Maybe I've just got better at spotting other nursing mums - after all there's not that much obvious from a distance unless you're looking, or the baby is "helpfully" lifting your top as Charles likes to do. Or maybe there really has been a recent increase in women happy to nurse in public. Either way, I feel happy that it's not just me.
 
 
Rachel
13 April 2007 @ 23:55
My freezer drawer is full  
I have 23 bottles of breastmilk in it - one will need defrosting on Monday morning, and there is a 24th bottle in the fridge against need over the weekend. I've been getting mildly intimidated by women talking about their 300oz EBM stash, but it occurred to me this week that 23 lots of 120-200ml (4-7oz) is not at all bad by comparison. I have a few Milk Bank bottles in there, taking the odd surplus and waiting for the weekly collection.
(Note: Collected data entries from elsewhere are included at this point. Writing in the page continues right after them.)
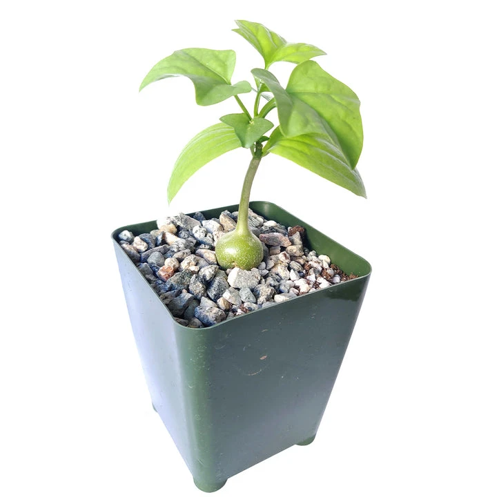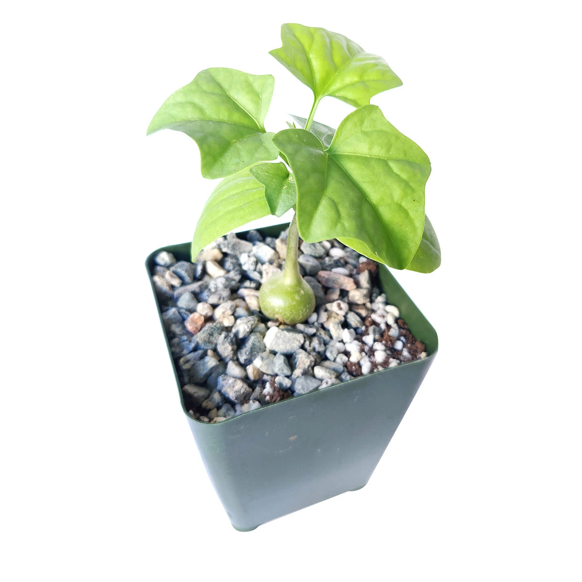 Gerrardanthus macrorhizus, also known as bigfoot, is a rare species of plant native to southern Africa. It is a popular pot plant. It is a deciduous caudiciform vine in the cucumber family that forms a very large caudex up to 40″ in diameter. The caudex resembles a granite rock. The leaves are a medium dark green in an ivy-shaped form. Gerardanthus macrorhizus is dioecious, having male and female flowers on separate plants. The flowers are small orchid-like and golden yellow. It is one of the few caudiciform plants which do not need special greenhouse care and can be grown outside.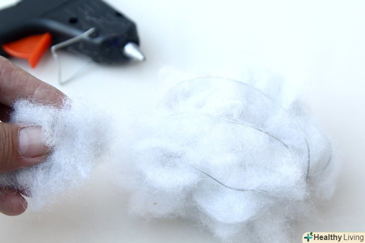 Приклейте поліефірну вату до каркасу гарячим клеєм. візьміть довгу смугу волокна з поліефіру і нанесіть гарячий клей по всій довжині, а потім оберніть матеріал навколо каркаса. Така смуга повинна накривати хоча б два кільця.- Дійте дуже швидко, оскільки гарячий клей швидко застигає!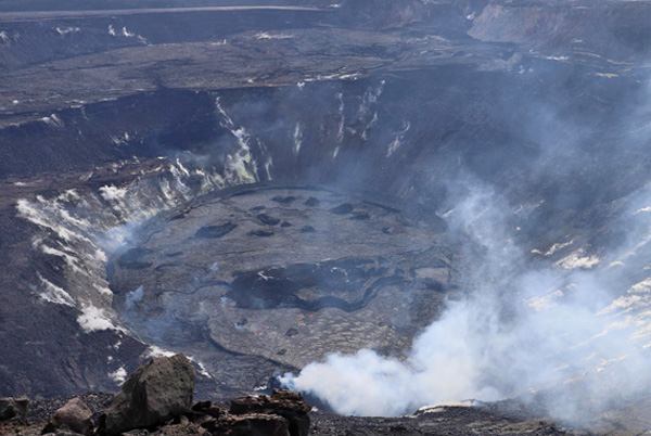 L’éruption du Kilauea (Hawaï) continue dans le cratère de l’Halema’uma’u. La lave est émise par une bouche dans la paroi nord-ouest du cratère et se jette dans le lac de lave. Le lac a une profondeur d’environ 220 mètres. Les émission de SO2 restent élevés à 800 t / jour.

At the start of each day I ensure there is a warmed bottle in bed with Tony and Charles, and a spare bottle in the fridge. I take 2 more bottles to work to fill. I have finally this week reached equilibrium where I rotate 4 bottles during the week - each day 2 in the fridge, 2 being sterilised and taken to work. On Friday milk goes in the freezer, and on Monday the oldest milk is removed and defrosted. It lasts about 3 months.

Usually Charles just demolishes one serving, and I produce a little more than one serving at work. The fridge/freezer storage helps buffer things a little. I used to leave him 120ml back in January to last the 6 hours I'm gone. Then for a while he consistently ate 150ml or so, now it is consistently 180-200ml. Thankfully my production is keeping pace.
 
 
Current Mood: geeky
 
 
Rachel
31 October 2006 @ 14:38
Eaten alive!  
Charles's appetite ramped up suddenly yesterday afternoon. I've spent the time since either feeding him, winding him, feeding myself or sleeping. He hasn't let me go long enough between feeds to even contemplate expressing something so I can have a break from feeding. I think the longest gap I've had is 4 hours during last night - I slept. Most of the time it's been around an hour, if that.

I couldn't do this on my own. Sue fed me dinner last night, and when I went to bed, Tony kept taking baby away to soothe him to sleep so I could nap in between feeds.

I wonder if we should expect a growth spurt imminently.